Au Bonheur des Chutes à Auxerre, l’artisanat de la génération réemploi

Retour de collecte de matières © ABDC

Les tiers-lieux, fablabs, recycleries, semblent s’inscrire dans un même mouvement d’expansion du réemploi et du «faire» et voient émerger de nombreuses structures apportant chacune peu à peu une spécificité à cette tendance. C’est le cas de l’association Au Bonheur des Chutes située à Auxerre, qui préfigure de nouveaux écosystèmes de l’artisanat local associant amateurs et professionnels à partir de la culture du réemploi. Makery s’est rendu sur place pour en savoir plus.

Auxerre, envoyé spécial

Comment naissent de nouveaux lieux de conception

Céline Lebrun est actuellement l’une des deux salariés de la structure et porteuse initiale du projet Au Bonheur Des Chutes (ABDC). Dans le cadre d’une formation en ingénierie mécanique et design industriel, elle fait son stage de fin d’étude à Auxerre et décide d’y rester. Elle travaille deux ans dans l’industrie puis songe à se lancer dans le design d’objets de petites séries. En 2017 elle fait le choix d’organiser une réunion publique à Auxerre, à laquelle vont participer une vingtaine de personnes. Laurence Vayne, actuelle présidente se souvient : « Je suis arrivée par hasard dans ce projet en lisant un article dans l’Yonne Républicaine. Céline proposait une réunion autour de la création d’un magasin de matières. Cela m’a donné envie. Cela faisait rêver à un autre futur. Peu de gens étaient motivés pour assurer la présidence. J’ai fait le calcul et je me suis dit que cela en valait la peine. »

Le magasin de matière et ses bénévoles. © ABDC
Céline Lebrun et Laurence Vayne © Frank Beau

Le projet rencontre rapidement un intérêt des institutions. Il est financé pour trois ans par l’Agence de l’environnement et de la maîtrise de l’énergie (ADEME), la Région Bourgogne-Franche Comté et soutenu notamment par la Fédération Départementale des Foyers Ruraux de l’Yonne et le Syndicat des Déchets de l’Yonne. L’association s’installe dans un premier temps au fablab L’atelier des Beaux Boulons situé dans le tiers-lieux Les Riverains à Auxerre. En février 2019 elle y inaugure son magasin de matière et décide d’investir dans des outils plus traditionnels : toupie, rabot, scie plongeante, scie sauteuse, défonceuse, etc. Au bout de deux ans, la structure dispose d’un lieu de stockage de 150m2, un magasin de matière de 50m2, un atelier et bureau de 60m2 sur des sites distincts. Elle s’appuie sur deux salariés : Céline, et Lothaire spécialisé en ébénisterie, une vingtaine de bénévoles actifs et plus de trois cents adhérents.
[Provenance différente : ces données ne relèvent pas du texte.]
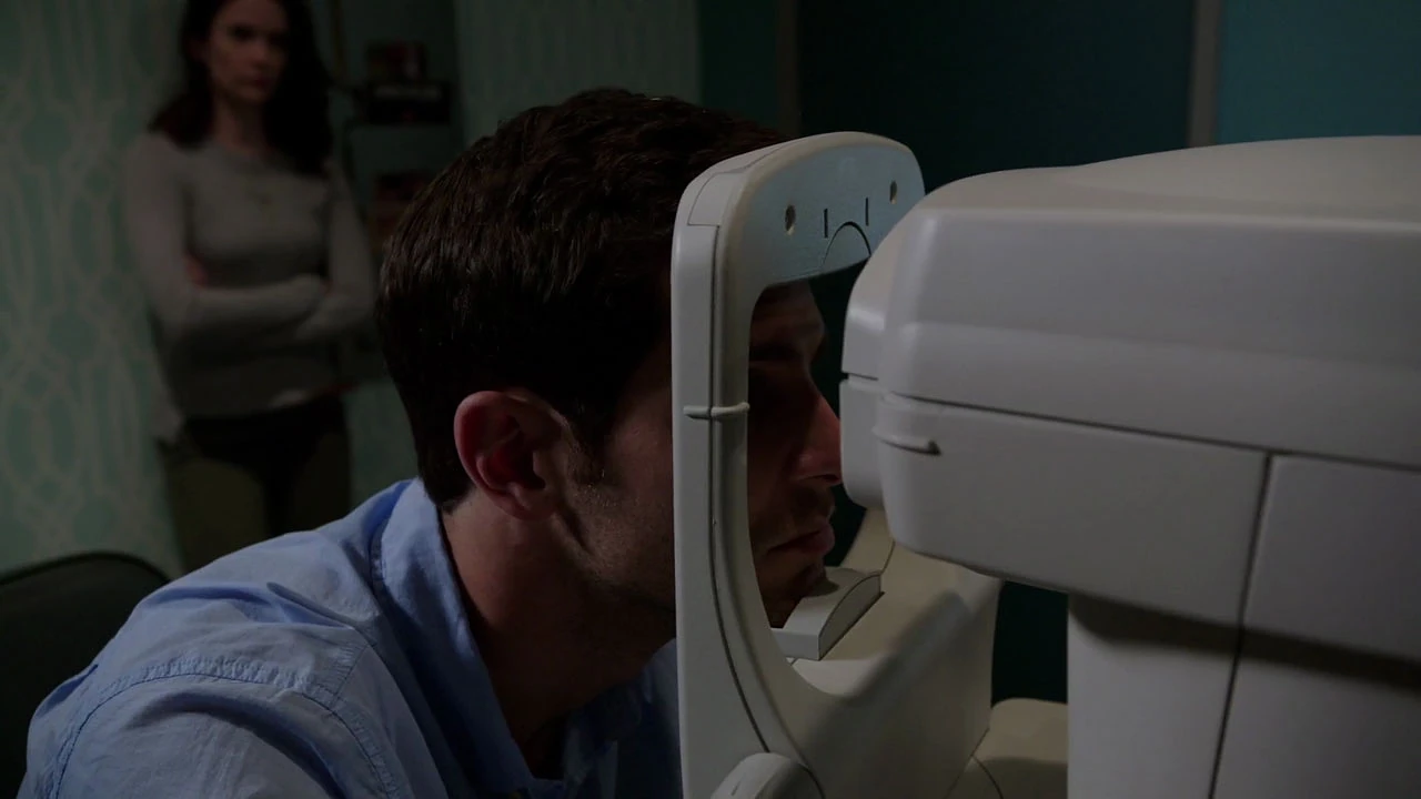 Nick is getting his eyes checked by Dr. Myers, who tells him that he may have extra cones in his eyes which allows him to see things most people can't. Juliette asks if it's something that could have happened recently, but Dr. Myers tells her he would have been born with it. Nick then asks what is triggering the headaches, and Dr. Myers tells him there is swelling in the area, which may be preventing light from triggering the cones, and that she doesn't know if it is temporary or permanent.
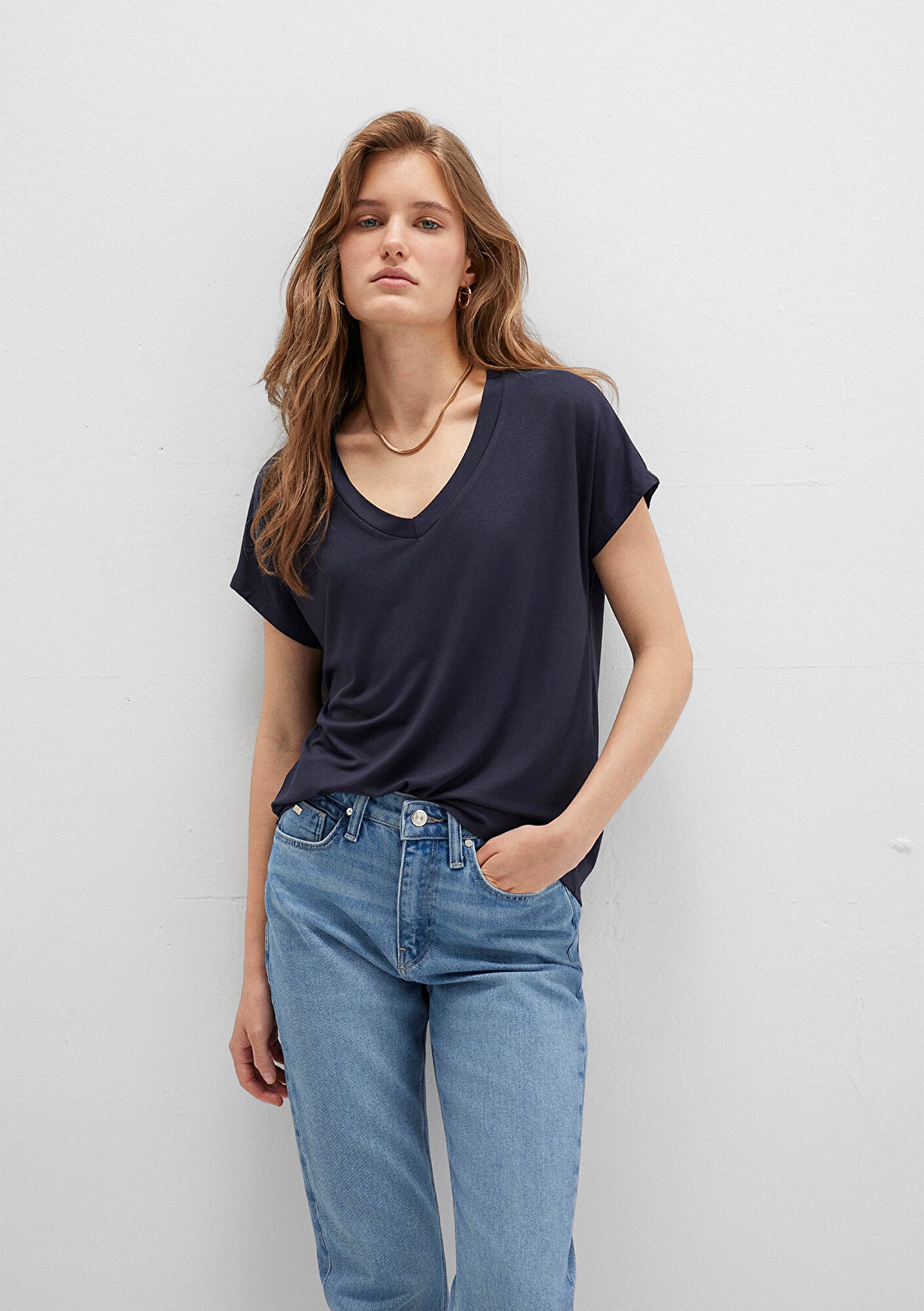 Mavi V Yaka Lacivert Basic Viskoz Tişört Regular Fit / Normal Kesim 167714-85315
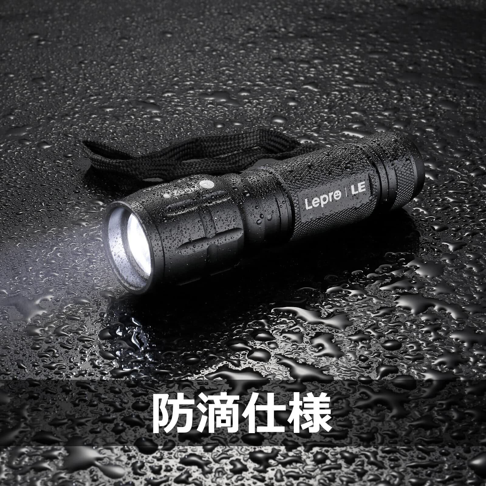 【防滴仕様】防水等級IP44のため、日常生活の雨水などによる水滴の付着や飛沫程度なら、懐中電灯本体に悪影響なく耐えることができます。夜に自転車、散歩、キャンプ、アウトドア時に突然の雨が降りだしても心配はありません。
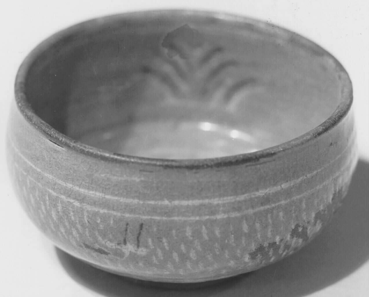 DescriptionLight gray stoneware with decoration of crane in flight inlaid with black and white slip under celadon glaze.

La pierre fondatrice du magasin de matières

Pour son magasin de matières installé rue Paul Doumer, Au Bonheur Des Chutes (ABDC) collecte des chutes de bois, plastique, métal, papier, textile, etc. Elle est approvisionnée par des entreprises et institutions dans un rayon de 30km, comme Mobilwood spécialisée dans la conception en bois, la ville d’Auxerre pour ses luminaires par exemple, des électriciens locaux. « Souvent ce sont des entrepreneurs hyper-actifs qui cherchent à soutenir le tissu local et sont désireux de voir ce que cela peut donner. C’est un outil de communication de présenter ce que l’on fait avec leurs déchets », explique Céline. L’association ne s’engage pas pour autant dans la collecte intensive de matières à l’instar de la Réserve des arts. Céline Lebrun l’explique par la nature du projet : « Nous partons de la conception alors que la Réserve des arts part davantage de la matière. Le projet était de fabriquer et de créer à partir du réemploi de matières, sauf que sur le territoire je n’avais nulle part où le sourcer. Si j’avais eu la Réserve des arts ici, je n’aurais pas fait le magasin ». Dans l’Auxerrois, l’écosystème du réemploi vit son premier âge. « Dans les mentalités c’est assez peu développé. Mais on reçoit beaucoup d’enthousiasme. Les gens sont contents de ce que l’on fait. Il y a une vraie demande » ajoute Céline.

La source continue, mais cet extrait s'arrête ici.